The winner of both most popular new talent and most outstanding newcomer, Miranda Tapsell, seems to have put a lot of thought into her acceptance speech and gives the evening one of its few meaningful moments.

“Put more beautiful people of colour on TV,” she says. “Connect viewers in ways that transcend race and unite us. That’s the real team Australia.”

She gets a standing ovation.

I keep getting distracted, though, by two men, journalists, sitting next to me, who have been fighting all night. “Why are you so tired?” “Don’t you know how to edit?” “Do you know how rude you are when you speak to me like that?”

As the evening draws to a close, Gold Logie winner Carrie Bickmore, of The Project, uses her acceptance speech to raise awareness of brain cancer. Speaking of her husband who died of the illness, she places a beanie on her head in his honour as she highlights a lack of funding for research into the disease.

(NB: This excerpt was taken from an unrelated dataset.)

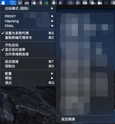 4、点击 ClashX 状态栏图标，将「出站模式」选为「规则判断」，在「Proxy」中可以选择自己喜欢的线路后，并将 FINAL 设置为 「Nexitally」。点击「设置为系统代理」即可开始使用。
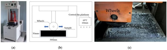 The mixture was formed into a cube specimen with dimensions of 300 × 300 × 50 mm by the rutting plate roller described in detail in JTG E20-2011 [31]. After the specimen was formed, it was first put into the experimental cabin for heat preservation, and the experiment was carried out after the specimen reached 60 °C, as shown in Figure 7. The rutting resistance of asphalt mixtures is assessed using the dynamic stability index, calculated by Equation (11).

“I want to get the nation talking about brain cancer. It receives next to no funding, which is ludicrous because without funding more people are going to die,” Bickmore says.

Eight out of 10 people diagnosed with brain cancer would die from it, she says.

It’s easy to see why moments like Bickmore’s and Tapsell’s receive such praise. They’re rare on a night so chaotic, and where media time with the celebrities is so short and the glitz and glamour of the night is so in-your-face.

But I also get the sense that many of the women, in particular, are aware of the lack of diversity in television and the need to encourage and promote women beyond “best newcomer”’ status and into the “hall of fame”. They’re willing to use their celebrity to point out the inequality they’ve had to fight through to succeed.

These are the stories that make the night worth celebrating.